Aim of the exercise:
Starting with the line containing "- 【No Need Nail" and going on through the line containing "在这款游戏中玩家将要扮演两名", return the lines of the data below exactly, and only those.

Records for the task:

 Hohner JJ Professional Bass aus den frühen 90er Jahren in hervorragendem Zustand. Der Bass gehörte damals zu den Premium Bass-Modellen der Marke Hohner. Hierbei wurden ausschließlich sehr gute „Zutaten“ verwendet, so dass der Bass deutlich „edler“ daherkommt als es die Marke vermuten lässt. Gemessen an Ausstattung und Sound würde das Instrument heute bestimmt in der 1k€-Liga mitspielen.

---

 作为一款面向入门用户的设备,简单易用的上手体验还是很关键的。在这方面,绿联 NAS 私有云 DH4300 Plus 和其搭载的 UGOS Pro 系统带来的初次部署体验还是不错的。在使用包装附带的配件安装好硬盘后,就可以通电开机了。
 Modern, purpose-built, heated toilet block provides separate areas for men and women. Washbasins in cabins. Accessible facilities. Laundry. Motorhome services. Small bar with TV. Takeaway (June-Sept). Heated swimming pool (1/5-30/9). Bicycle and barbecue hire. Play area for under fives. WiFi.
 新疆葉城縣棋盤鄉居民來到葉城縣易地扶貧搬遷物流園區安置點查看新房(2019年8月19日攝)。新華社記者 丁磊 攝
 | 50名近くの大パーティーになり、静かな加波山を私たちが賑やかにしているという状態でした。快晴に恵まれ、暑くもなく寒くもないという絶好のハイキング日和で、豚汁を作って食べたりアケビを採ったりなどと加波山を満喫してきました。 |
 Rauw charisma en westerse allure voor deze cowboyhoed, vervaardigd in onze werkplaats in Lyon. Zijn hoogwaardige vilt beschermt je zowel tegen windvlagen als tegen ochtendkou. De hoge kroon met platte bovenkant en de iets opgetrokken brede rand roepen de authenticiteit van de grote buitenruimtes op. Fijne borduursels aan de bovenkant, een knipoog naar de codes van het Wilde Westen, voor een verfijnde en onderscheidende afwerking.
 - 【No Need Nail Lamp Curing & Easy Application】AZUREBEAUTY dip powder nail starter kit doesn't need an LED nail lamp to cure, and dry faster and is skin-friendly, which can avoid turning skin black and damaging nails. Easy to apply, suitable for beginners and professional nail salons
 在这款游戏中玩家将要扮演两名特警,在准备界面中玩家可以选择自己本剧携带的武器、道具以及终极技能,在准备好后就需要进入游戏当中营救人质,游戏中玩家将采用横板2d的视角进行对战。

Task response:
 - 【No Need Nail Lamp Curing & Easy Application】AZUREBEAUTY dip powder nail starter kit doesn't need an LED nail lamp to cure, and dry faster and is skin-friendly, which can avoid turning skin black and damaging nails. Easy to apply, suitable for beginners and professional nail salons
 在这款游戏中玩家将要扮演两名特警,在准备界面中玩家可以选择自己本剧携带的武器、道具以及终极技能,在准备好后就需要进入游戏当中营救人质,游戏中玩家将采用横板2d的视角进行对战。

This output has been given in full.